Il a été jugé que la décision de licenciement sanctionnait des agissements fautifs matériellement établis, qu’elle ne constituait pas une mesure de représailles suite à des signalements de dysfonctionnement. Dès lors, aucun manquement de l’employeur à son obligation d’exécuter de bonne foi le contrat de travail ne peut être ici retenu.

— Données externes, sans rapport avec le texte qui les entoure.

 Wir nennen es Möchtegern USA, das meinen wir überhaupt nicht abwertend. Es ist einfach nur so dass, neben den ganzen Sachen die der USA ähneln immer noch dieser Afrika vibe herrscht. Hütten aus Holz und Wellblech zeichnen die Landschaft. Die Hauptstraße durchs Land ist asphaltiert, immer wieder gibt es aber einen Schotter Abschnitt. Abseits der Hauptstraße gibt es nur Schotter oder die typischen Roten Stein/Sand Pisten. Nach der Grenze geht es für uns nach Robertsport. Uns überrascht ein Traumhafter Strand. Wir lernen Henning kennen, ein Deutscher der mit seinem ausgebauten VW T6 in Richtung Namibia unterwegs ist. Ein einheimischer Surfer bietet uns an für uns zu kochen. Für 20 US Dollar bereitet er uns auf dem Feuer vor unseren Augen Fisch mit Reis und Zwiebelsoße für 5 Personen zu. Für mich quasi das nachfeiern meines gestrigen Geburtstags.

De même, aucun élément ne permet de retenir que la décision de licencier, justifiée par des éléments objectifs se rapportant au comportement du salarié, aurait été prise en considération de l’accident du travail du 18 mars 2021 et de l’arrêt de travail consécutif. Dès lors, aucun manquement de l’employeur à son obligation d’exécuter de bonne foi le contrat de travail ne peut être ici retenu.

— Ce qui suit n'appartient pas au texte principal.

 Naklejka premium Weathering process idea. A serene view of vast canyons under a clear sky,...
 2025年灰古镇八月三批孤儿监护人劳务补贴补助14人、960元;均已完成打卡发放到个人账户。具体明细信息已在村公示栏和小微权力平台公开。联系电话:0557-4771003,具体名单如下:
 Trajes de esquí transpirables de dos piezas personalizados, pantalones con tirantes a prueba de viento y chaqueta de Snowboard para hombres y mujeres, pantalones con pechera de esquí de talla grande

Enfin, il n’est pas établi que l’employeur n’a pas fourni au salarié tous les documents pour faire valoir ses droits auprès de Pôle emploi alors que, par courrier du 24 décembre 2021, cet organisme s’est borné à réclamer la communication de bulletins de salaire, dont il n’est ni argué, ni démontré, qu’ils n’auraient pas été remis au salarié à échéance régulière.
Sur les autres demandes
Sur le fondement des dispositions de l’article 700 du code de procédure civile, il convient de confirmer le jugement en ce qu’il a condamné la société [Adresse 5] à payer à M. [F] une indemnité de 1 500 euros destinée à couvrir les frais non compris dans les dépens qu’il a dû engager pour assurer la défense de ses intérêts et y ajoutant, de la condamner au paiement d’une indemnité de 500 euros en cause d’appel.
PAR CES MOTIFS
La cour, statuant par arrêt contradictoire mis à disposition au greffe,
Confirme le jugement déféré en ce qu’il a dit que la société [6] avait procédé à une sanction pécuniaire prohibée et en ce qu’il a condamné celle-ci à payer à M. [F] la somme de 260 euros à titre de rappel de salaire,
Confirme le jugement en ce qu’il a débouté M. [F] de sa demande d’indemnité de licenciement, de sa demande d’indemnité compensatrice de préavis (et de sa demande d’indemnité de congés payés afférente), de sa demande d’indemnité pour licenciement nul ou sans cause réelle et sérieuse et de sa demande en rappel de salaire sur mise à pied conservatoire (et de sa demande d’indemnité de congés payés afférente),
Confirme le jugement en ce qu’il a condamne la société [Adresse 5] au paiement d’une indemnité de 1 500 euros au titre des frais irrépétibles, ainsi qu’aux dépens de première instance,
Infirme le jugement pour le surplus,
Statuant à nouveau sur les points infirmés et y ajoutant :
Dit que le licenciement pour faute grave est fondé et n’encourt pas la nullité,
Condamne la société [6] à payer à M. [F] la somme de 500 euros à titre de dommage et intérêts pour manquements à l’obligation d’exécution de bonne foi du contrat de travail et à l’obligation de sécurité,
Déboute M. [F] de sa demande d’indemnité compensatrice de congés payés,
Condamne la société [Adresse 5] à payer à M. [F] la somme de 500 euros en application de l’article 700 du code de procédure civile,
Dit que les condamnations à caractère indemnitaire porteront intérêts au taux légal à compter du présent arrêt et que les autres condamnations porteront intérêts au taux légal à compter de la date de réception par l’employeur de la convocation devant le bureau de conciliation et d’orientation,
Déboute la société [6] de sa demande d’indemnité pour frais de procédure formée en cause d’appel,
Condamne la société [Adresse 5] aux dépens d’appel.